## DIRECTIONS FOR THIS TASK
Word for word, restate the lines from the one containing "Paulatinamente, virei aqui" through the last line of the material, and include no pictures.

## RECORDS
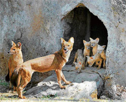 <p>Seven dhole pups, born on November 19 last year, were released for public viewing at the Mysore Zoo on Thursday. Dhole, Cuon alpinus or wild dog, is a highly endangered species and is difficult to breed in captive conditions.<br /><br /></p>.<p>So far, Chennai and Vishakhapatnam zoos have successfully bred the dholes. With help and guidance from these zoos, dhole was successfully bred in Mysore Zoo for the first time, according to a press release from Zoo Executive Director B P Ravi.<br /><br />The Mysore Zoo received a pair of adult dholes from Arignar Anna Zoological Park, Chennai, in 2009. <br /><br />The dholes are social animals. In the wild, both parents and offsprings help in raising the newborns. <br />They burrow the ground to make a natural den. After a gestation period of 60 to 62 days, the mother dhole delivers an average of four to six pups in a litter. The newborns suckle for two months and eat the regurgitated food from the parent till six months.<br /><br />According to the press release, the Zoo authorities noticed mating behaviour in mid-September and pregnancy was diagnosed by 35th day based on the visible changes in the female. <br /><br />Since the pair did not show any signs of burrowing its own den, an artificial den was prepared for breeding.<br /><br />CCTVs installed<br /><br />Three holding rooms and an artificial den was constructed for confining the animals for the next two months. The flooring was modified for easy cleaning and CCTV cameras were installed in the den and holding rooms for round-the-clock monitoring. <br /><br />The floor of the den was fitted with wooden planks to keep the newborn pups warm. The dholes are very shy animals and get excited easily. <br /><br />Therefore, the keeper passage was covered with plastic sheets to prevent visible disturbances and visitor path was diverted away from the dhole enclosure.<br /><br />The mother dhole was fed twice a day with special nutritional supplements to help in lactation and to withstand the stress of parturition. <br /><br />On November 19, the female dhole delivered seven pups after five hours of labour. The male dhole kept a constant watch outside the den. During feeding, it used to wait till the female had its meal. <br /><br />From the third day onwards, the male dhole started to go inside the den and occasionally lick its pups. The pups –– four male and three female –– are now 65 days old and weigh 2.8 to 3.3 kg.<br /></p>
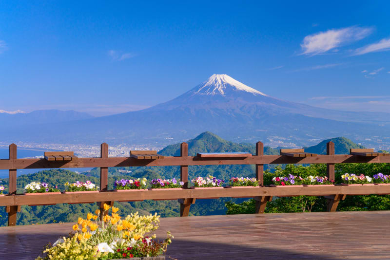 山頂の展望台に到着すると、目の前には富士山の大パノラマが。裾野が広がる圧倒的な富士山のスケールに感動すること間違いなし!
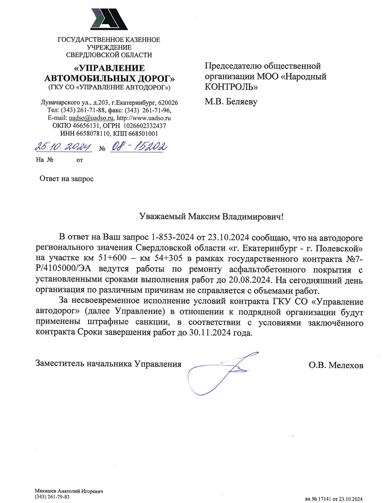 Как следует из ответа, ремонт асфальтобетонного покрытия на участке автодороги регионального значения, соединяющей Екатеринбург и Полевской, должен был завершиться к августу 2024 года. Однако подрядчик, отвечающий за выполнение работ, не справился с их объемом, из-за чего сроки завершения ремонта были продлены до 30 ноября 2024 года. Управление автомобильных дорог Свердловской области планирует применить штрафные санкции к подрядной организации за нарушение условий контракта и несвоевременное выполнение работ.
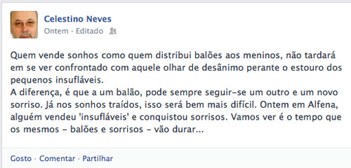 Paulatinamente, virei aqui fazer o balanço dos insufláveis ainda a planar, mas sinceramente, tenho o pressentimento de que chegaremos a 2017 da mesma forma que chegamos a 2009 e que basicamente foi a mesma como aportamos a 2013, isto é, a testemunhar o ar de desânimo nos rostos dos alfenenses, que mesmo assim arriscaram uma vez mais um ténue voto de confiança - como quem diz para se convencer a si próprio "à terceira será de vez".
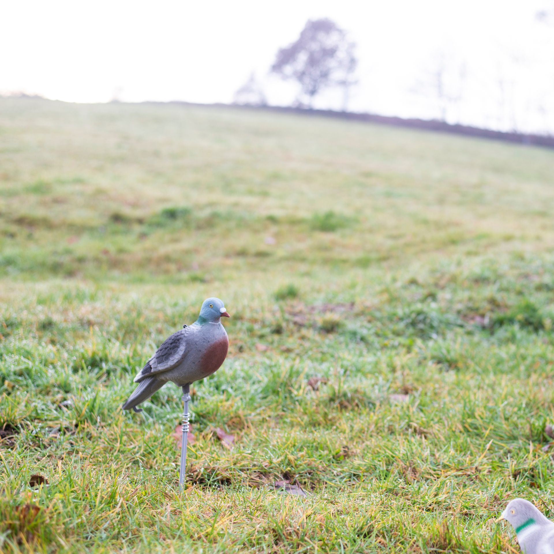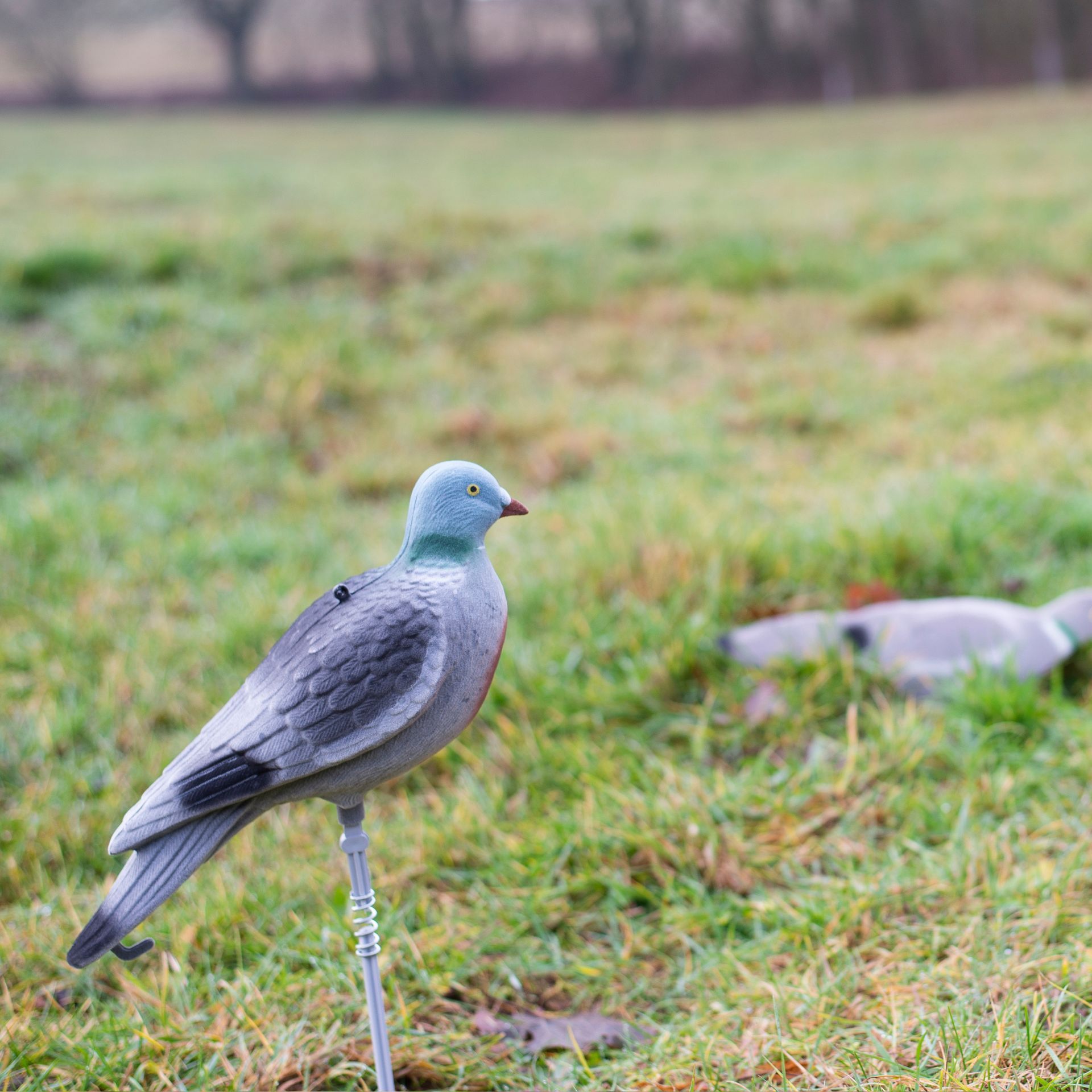 Curly Pigeon har två öppningar på baksidan där du kan sätta in markspetten. Detta gör det enkelt att imitera beteendet att äta duvor eller andra situationer för att göra din jakt ännu mer framgångsrik.

## SOLUTION FOR THIS EXERCISE
 Paulatinamente, virei aqui fazer o balanço dos insufláveis ainda a planar, mas sinceramente, tenho o pressentimento de que chegaremos a 2017 da mesma forma que chegamos a 2009 e que basicamente foi a mesma como aportamos a 2013, isto é, a testemunhar o ar de desânimo nos rostos dos alfenenses, que mesmo assim arriscaram uma vez mais um ténue voto de confiança - como quem diz para se convencer a si próprio "à terceira será de vez".
 Curly Pigeon har två öppningar på baksidan där du kan sätta in markspetten. Detta gör det enkelt att imitera beteendet att äta duvor eller andra situationer för att göra din jakt ännu mer framgångsrik.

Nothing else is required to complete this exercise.